[[ DATA FOR REVIEW open ]]

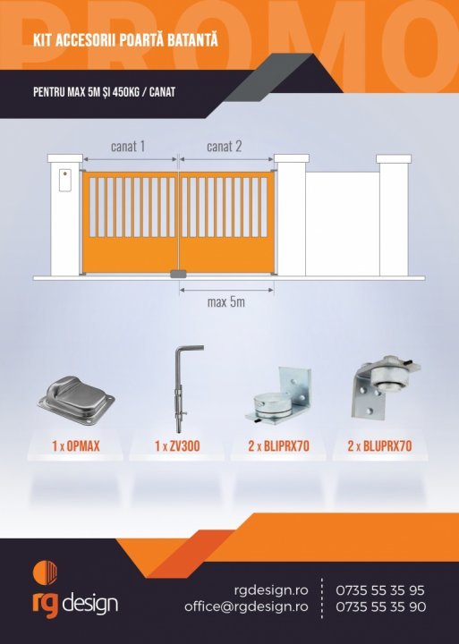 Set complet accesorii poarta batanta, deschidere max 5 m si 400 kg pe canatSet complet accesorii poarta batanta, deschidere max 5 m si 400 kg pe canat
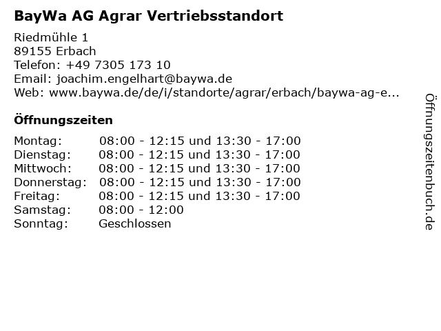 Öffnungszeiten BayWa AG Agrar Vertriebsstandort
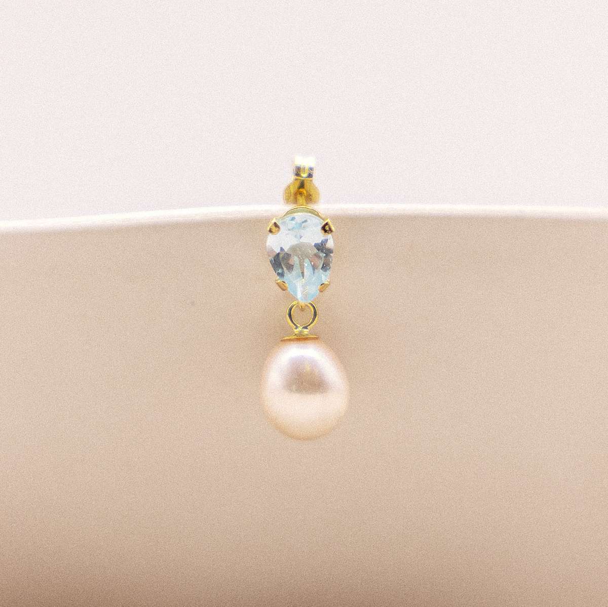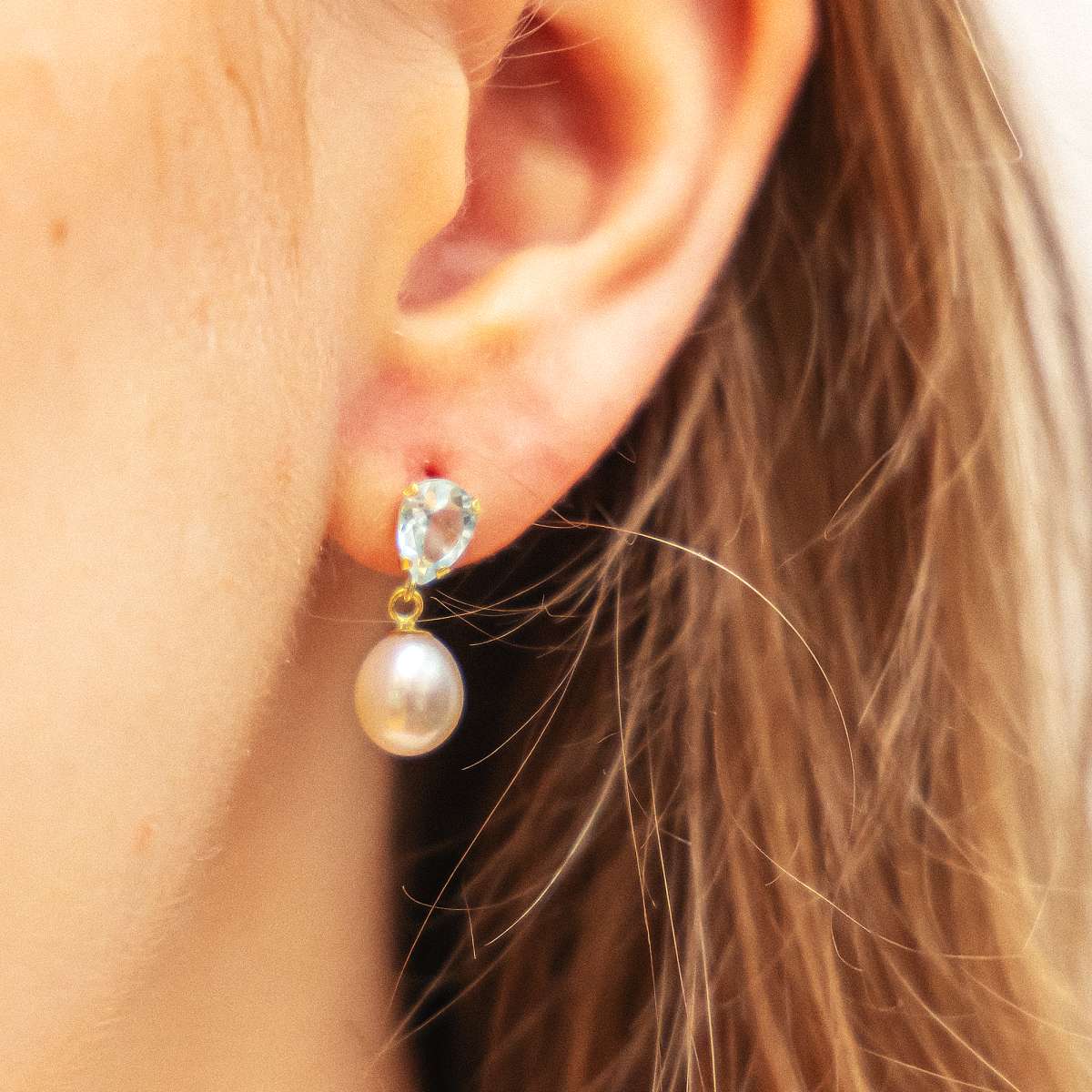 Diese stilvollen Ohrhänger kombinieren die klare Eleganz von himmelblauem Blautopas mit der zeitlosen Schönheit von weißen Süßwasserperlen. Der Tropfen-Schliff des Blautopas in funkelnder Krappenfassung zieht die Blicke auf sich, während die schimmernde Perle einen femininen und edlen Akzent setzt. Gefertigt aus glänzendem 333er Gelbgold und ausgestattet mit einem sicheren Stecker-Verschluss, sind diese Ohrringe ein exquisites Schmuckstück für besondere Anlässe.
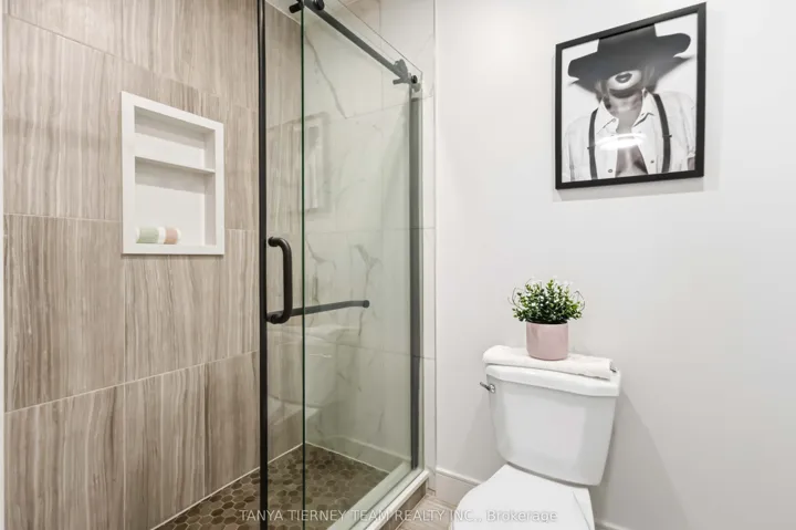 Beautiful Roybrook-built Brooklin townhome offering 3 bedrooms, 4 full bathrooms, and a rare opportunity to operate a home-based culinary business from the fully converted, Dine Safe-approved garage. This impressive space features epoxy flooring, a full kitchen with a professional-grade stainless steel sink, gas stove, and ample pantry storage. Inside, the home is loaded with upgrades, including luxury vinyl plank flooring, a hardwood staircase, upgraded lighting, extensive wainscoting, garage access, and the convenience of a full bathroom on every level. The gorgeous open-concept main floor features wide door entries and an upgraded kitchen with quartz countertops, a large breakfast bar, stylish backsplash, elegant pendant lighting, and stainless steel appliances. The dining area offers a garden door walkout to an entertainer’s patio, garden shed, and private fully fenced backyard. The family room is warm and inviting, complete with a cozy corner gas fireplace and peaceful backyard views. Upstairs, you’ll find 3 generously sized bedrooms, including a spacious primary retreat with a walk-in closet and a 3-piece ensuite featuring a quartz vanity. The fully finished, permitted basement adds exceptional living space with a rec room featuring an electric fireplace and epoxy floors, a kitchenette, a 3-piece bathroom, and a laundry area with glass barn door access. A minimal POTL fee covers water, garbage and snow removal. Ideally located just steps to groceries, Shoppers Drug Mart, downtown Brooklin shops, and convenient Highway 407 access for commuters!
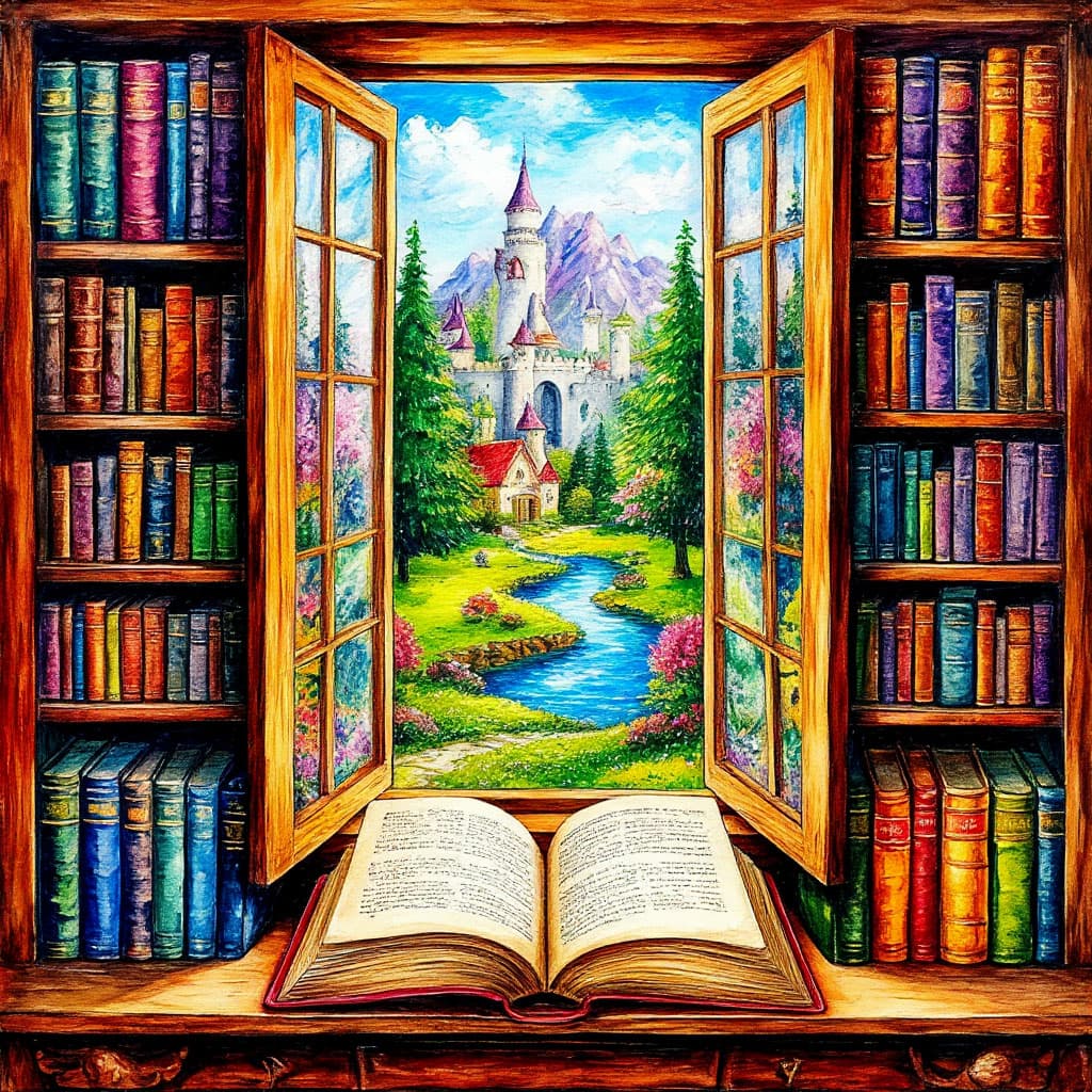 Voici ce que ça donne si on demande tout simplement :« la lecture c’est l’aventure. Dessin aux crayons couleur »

[[ DATA FOR REVIEW closed ]]

TASK DETAILS >> The line containing "Öffnungszeiten BayWa AG" marks the end; please output exactly the lines of the listing above from its first line through that line, without pictures.

ANSWER SPACE >>
 Set complet accesorii poarta batanta, deschidere max 5 m si 400 kg pe canatSet complet accesorii poarta batanta, deschidere max 5 m si 400 kg pe canat
 Öffnungszeiten BayWa AG Agrar Vertriebsstandort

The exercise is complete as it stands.